■ **Required action**: From the first line to the last, set down the material exactly, leaving out its pictures.

■ **Records for this exercise**:
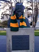 Bust of Anthony Maraschi, S.J., adorned with USF's colors
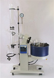 The rotary flask rotates at a constant speed, and the water bath is heated at a constant temperature. Under these conditions, the material forms a large-area, uniform thin film on the inner wall of the evaporating flask and evaporates rapidly. Evaporation efficiency can be improved under vacuum conditions (vacuum device required). The solvent vapor is cooled into liquid as it passes through the glass condenser coil (cooling device required).
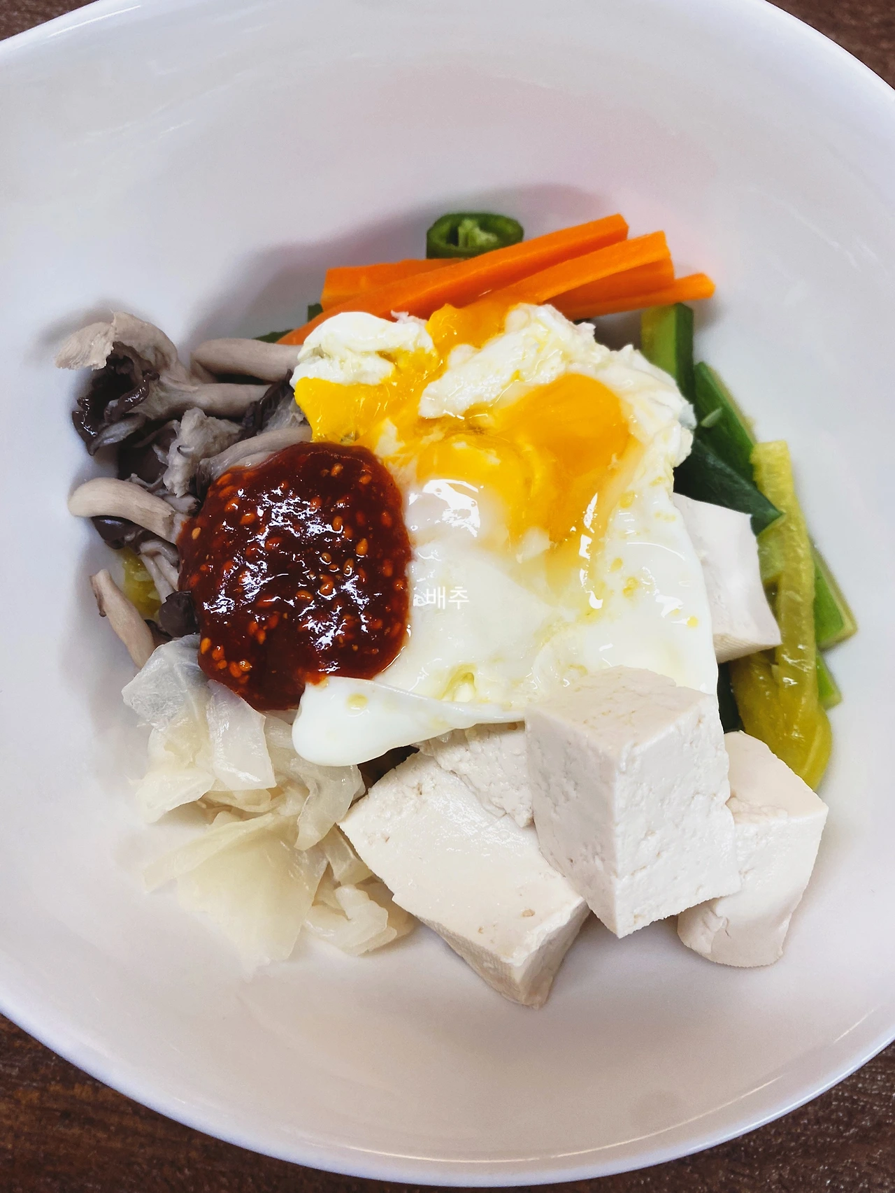 오늘은 매우 다혈질이거나/말이 안 통하거나/화가 몹시 났거나/하시는 분들과 상담이 줄줄이 이어져 멘탈이 60억 광년 떨어진 항성에 가버렸습니다. 다시 멘탈을 잡아올 힘마저 상실해서 우주를 떠도는 기분인데, 이럴 때일수록 더 건강하게 먹어야겠다고 다짐했습니다. 이럴 때 생각나는 건 역시나 야채두부비빔밥입니다.
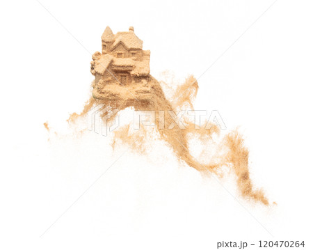 SandCastle fly over sand explosion as high risk and easy to collapse, uncertain house structure is fragile gambling of disaster metaphor, white background isolated
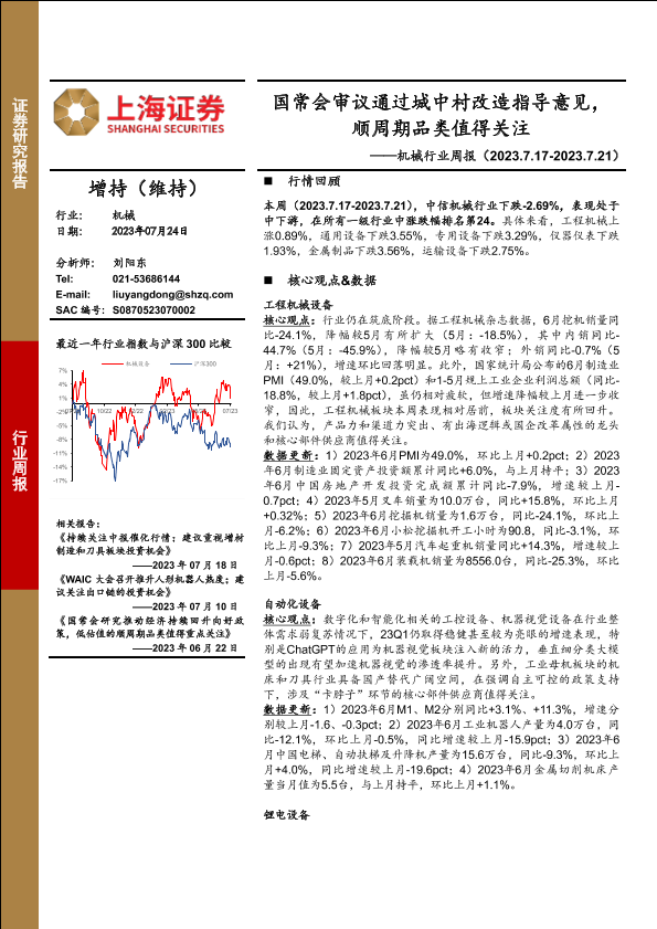 【上海证券】【20230721】机械行业周报:国常会审议通过城中村改造指导意见,顺周期品类值得关注-22页
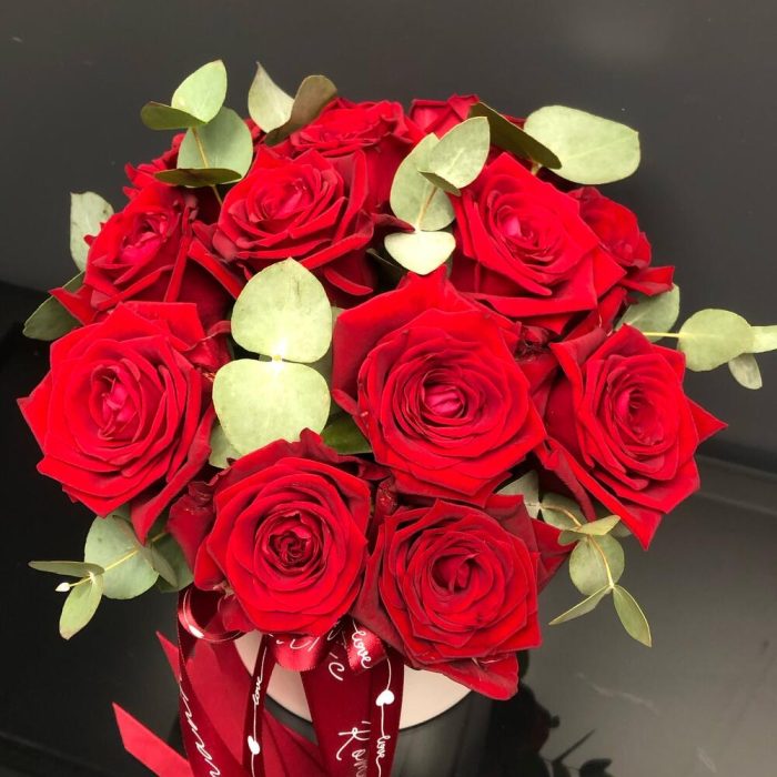 Розы с эвкалиптом в коробочке️
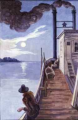 In his later years, Benton developed a growing environmental awareness-participating in campaigns to prevent the damming of the Buffalo and Missouri rivers by the U.S. Army Corps of Engineers -- in order to save some of the waterways that he'd so long admired. Whether capturing the natural beauty of the waterways or the colorful characters associated with them, Benton's watery iconography recorded a uniquely American way of life that in many places was also in peril. (left: Thomas Hart Benton (American, 1889-1975), "Different kinds of moonlight change the shape of the river,"Study for Mark Twain's Life on the Mississippi, ca. 1944, Gouache and watercolor on paper, 7 x 4 1/2 inches. The State Historical Society of Missouri, 1966.0100. Courtesy of the Limited Editions Club, New York Art © T. H. and R. P. Benton Testamentary Trusts/UMB Bank Trustee/Licensed by VAGA, New York)
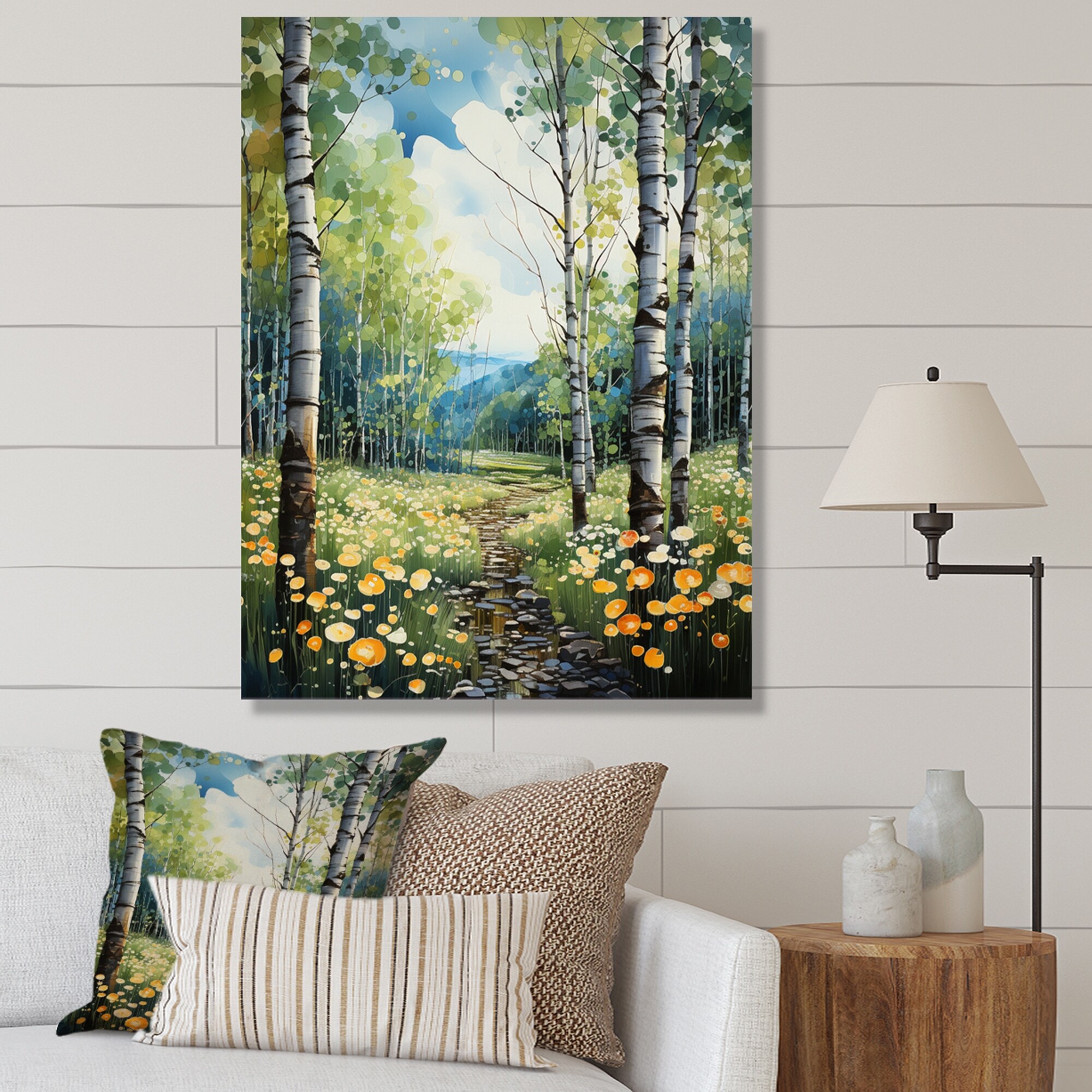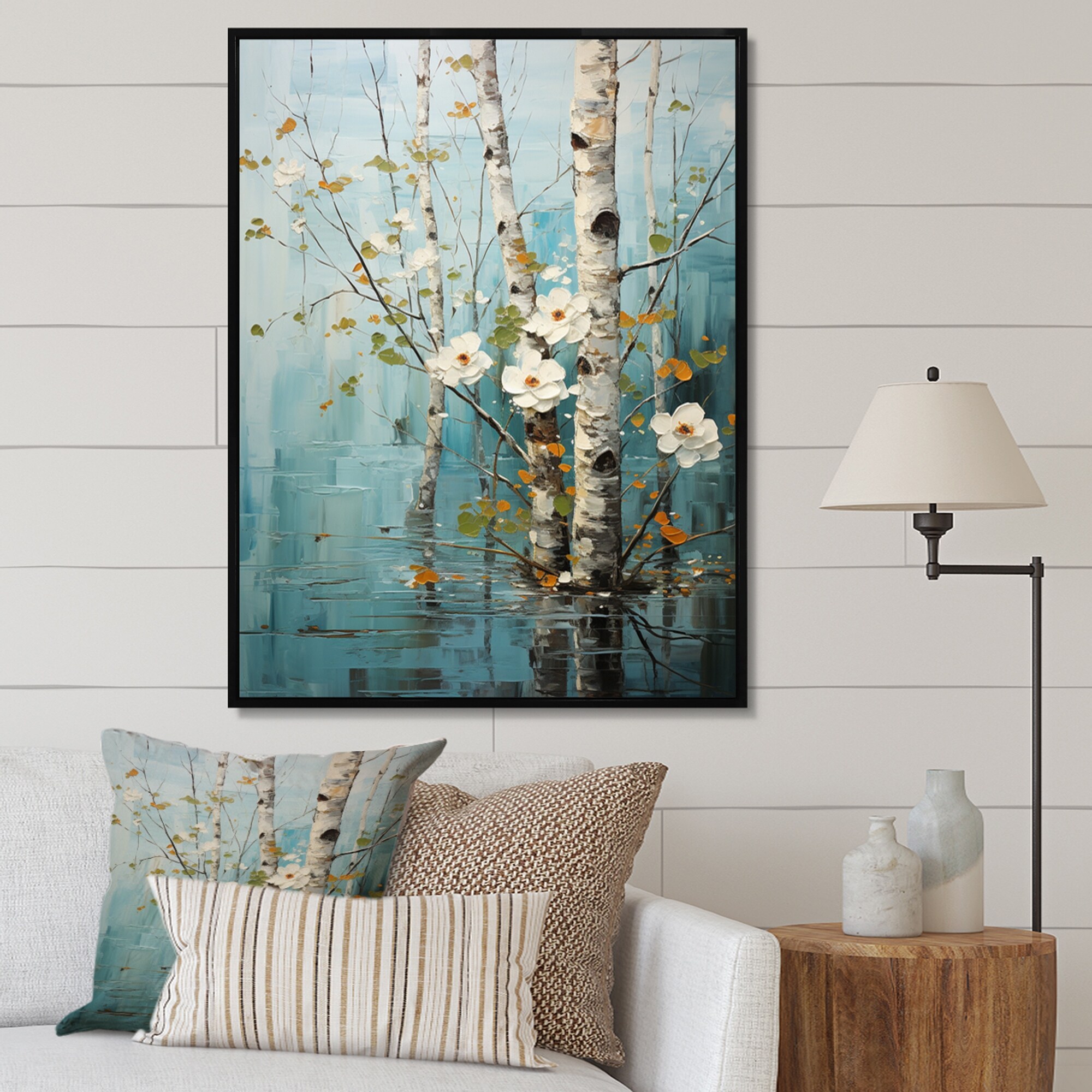 Designart "Birch Woods Silent Woods VI" Tree Birch Framed Wall Art Prints

■ **Solution**:
 Bust of Anthony Maraschi, S.J., adorned with USF's colors
 The rotary flask rotates at a constant speed, and the water bath is heated at a constant temperature. Under these conditions, the material forms a large-area, uniform thin film on the inner wall of the evaporating flask and evaporates rapidly. Evaporation efficiency can be improved under vacuum conditions (vacuum device required). The solvent vapor is cooled into liquid as it passes through the glass condenser coil (cooling device required).
 오늘은 매우 다혈질이거나/말이 안 통하거나/화가 몹시 났거나/하시는 분들과 상담이 줄줄이 이어져 멘탈이 60억 광년 떨어진 항성에 가버렸습니다. 다시 멘탈을 잡아올 힘마저 상실해서 우주를 떠도는 기분인데, 이럴 때일수록 더 건강하게 먹어야겠다고 다짐했습니다. 이럴 때 생각나는 건 역시나 야채두부비빔밥입니다.
 SandCastle fly over sand explosion as high risk and easy to collapse, uncertain house structure is fragile gambling of disaster metaphor, white background isolated
 【上海证券】【20230721】机械行业周报:国常会审议通过城中村改造指导意见,顺周期品类值得关注-22页
 Розы с эвкалиптом в коробочке️
 In his later years, Benton developed a growing environmental awareness-participating in campaigns to prevent the damming of the Buffalo and Missouri rivers by the U.S. Army Corps of Engineers -- in order to save some of the waterways that he'd so long admired. Whether capturing the natural beauty of the waterways or the colorful characters associated with them, Benton's watery iconography recorded a uniquely American way of life that in many places was also in peril. (left: Thomas Hart Benton (American, 1889-1975), "Different kinds of moonlight change the shape of the river,"Study for Mark Twain's Life on the Mississippi, ca. 1944, Gouache and watercolor on paper, 7 x 4 1/2 inches. The State Historical Society of Missouri, 1966.0100. Courtesy of the Limited Editions Club, New York Art © T. H. and R. P. Benton Testamentary Trusts/UMB Bank Trustee/Licensed by VAGA, New York)
 Designart "Birch Woods Silent Woods VI" Tree Birch Framed Wall Art Prints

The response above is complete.